Researchers have developed a method by which the constant noise of WiFi attempting to connect to devices could provide an accurate picture of how well public transport systems are performing, despite such systems generally operating closed and proprietary monitoring systems, with only select information dispensed beyond the confines of the company.
The paper Real-time public transport service-level monitoring using passive WiFi: a spectral clustering approach for train timetable estimation – a collaboration between Baoyang Sang of France’s École Polytechnique and Singapore-based IBM researcher Laura Wynter – establishes a system that uses WiFi’s default connection attempts to determine the arrival and departure of trains, and which could be applied to other transportation methods.
The key to establishing activity that indicates the sudden arrival (or departure) of a mass of passengers is that their numerous mobile devices are constantly sending probe requests to available WiFi networks, and these requests do not abate even in the presence of a successful log-on attempt.
Since these probe requests are so public, no closed systems are required to log and monitor them, and open sniffer tools such as Wireshark or tcpdump can provide accurate and live measurement of pre-connection activity.
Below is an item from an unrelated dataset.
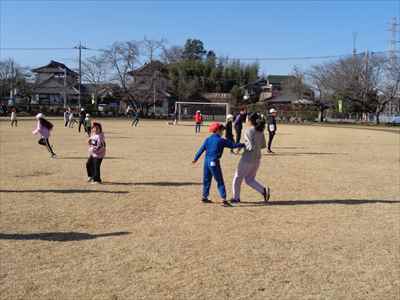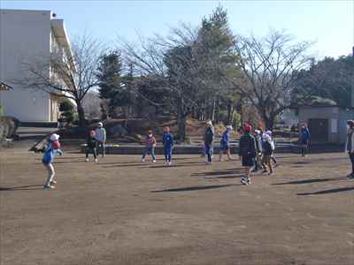 12月22日(水)、縦割り班で共遊を行いました。“鬼ごっこ、タイヤ跳びジャンケン、ケイドロ、だるまさんが転んだ、縄跳び、ドッジボール” の班にに分かれました。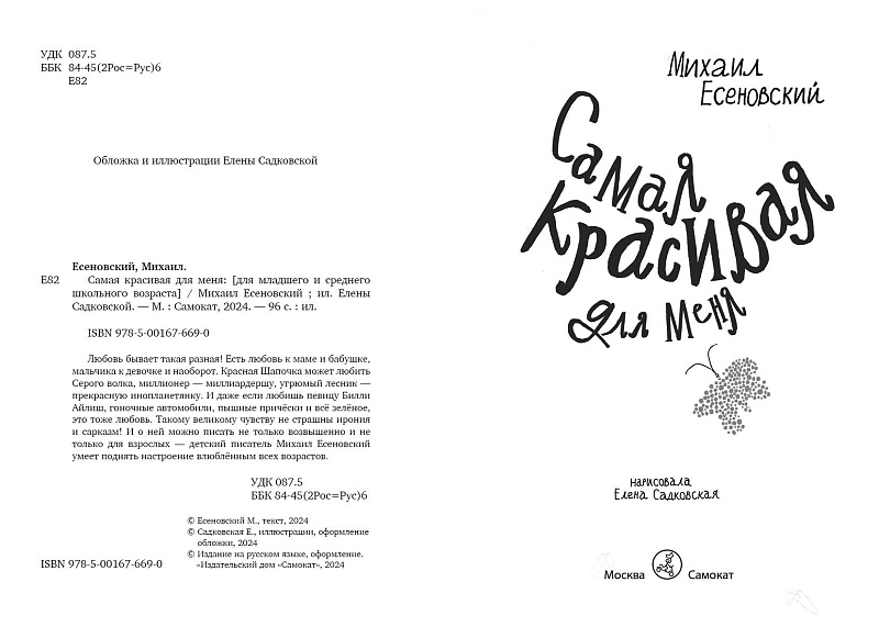 <p> Любовь бывает такая разная! Есть любовь к маме и бабушке, мальчика к девочке и наоборот. Красная Шапочка может любить Серого Волка, миллионер — миллиардершу, угрюмый лесник — прекрасную инопланетянку. И даже если любишь певицу Билли Айлиш, гоночные автомобили, пышные причёски и всё зелёное, это тоже любовь. Такому великому чувству не страшны ирония и сарказм! И о нём можно писать не только возвышенно и не только для взрослых — детский писатель Михаил Есеновский умеет поднять настроение влюблённым всех возрастов. </p> <h2>5 причин купить книгу «Самая красивая для меня»:</h2> <ul> <li> <p> Идеальный способ говорить о любви с детьми, которые, переходя из детства в подростковый возраст, вдобавок к любви к мамам и бабушкам открывают для себя настоящее, серьёзное чувство. Ещё остерегаются, но уже интересуются; </p> </li> <li> <p> Заинтересует нечитающих детей: короткие рассказы на волнующую тему написаны легким смешным языком; </p> </li> <li> <p> Тонкая ирония, сарказм, парадоксы — юмор Михаила Есеновского упрощает разговор о любви и понятен всем от 9 до 99 лет! Причем дети поймут своё, взрослые — своё; </p> </li> <li> <p> В «Самокате» выходит вторая книга «последнего советского детского писателя» Михаила Есеновского (первая — «Гипноз Иванович»); </p> </li> <li> <p> Книга проиллюстрирована смешными, остроумными рисунками Елены Садковской. </p> </li> </ul> <p> </p> <p> <b>ЦИТАТЫ ИЗ КНИГИ:</b> </p> <p> <i>«Раньше не было так много народу. Раньше были только мама, папа и я. Иногда ещё была бабушка. А теперь просто чёрт знает что такое. Кругом одни люди, и совершенно никому не известные. Например, вчера мимо меня прошёл человек, которого (я совершенно в этом уверен) никто никогда не видел до этого. Откуда он, спрашивается, взялся? Никому не известно! Раньше такого не было.»</i> </p> <p> <i>«— Ты меня любишь? </i> </p> <i> </i> <p> <i> — Конечно. </i> </p> <i> </i> <p> <i> — Что значит «конечно»? </i> </p> <i> </i> <p> <i> — Конечно да. </i> </p> <i> </i> <p> <i> — Что значит «да»? Нельзя, что ли, просто сказать «люблю»? </i> </p> <i> </i> <p> <i> — Можно. </i> </p> <i> </i> <p> <i> — Так почему же ты не говоришь? </i> </p> <i> </i> <p> <i> — Я сказала. </i> </p> <i> </i> <p> <i> — Что ты сказала? </i> </p> <i> </i> <p> <i> — «Конечно». И ещё «да». </i> </p> <i> </i> <p> <i> — Значит, любишь? А сильно? </i> </p> <i> </i> <p> <i> — Как Фиона Шрека. </i> </p> <i> </i> <p> <i> — По-твоему, у меня нездоровый цвет лица?»</i> </p>

The researchers propose WiFi over a number of other recently-explored possibilities to gauge ‘crowd digital miasma’, since the signal is robust and strong, noise is minimal, and the protocol is not subject to the variations in signal strength which can occur across mobile platforms such as iOs and Android in users’ individual devices, and is not affected by varying power management schemes either – a factor in other experimental schemes of a similar nature.
The technique developed by the researchers utilises spectral clustering – traces of probe requests from passengers – to estimate the true fidelity of the timetable of trains.
They note that only train operators themselves have access to location data, and that this information flows through closed and proprietary systems which are not useful for real-time analysis.
The technique can also be used as a tool for incident detection – to identify increased dwell times on platforms which may indicate network blockages or other problems.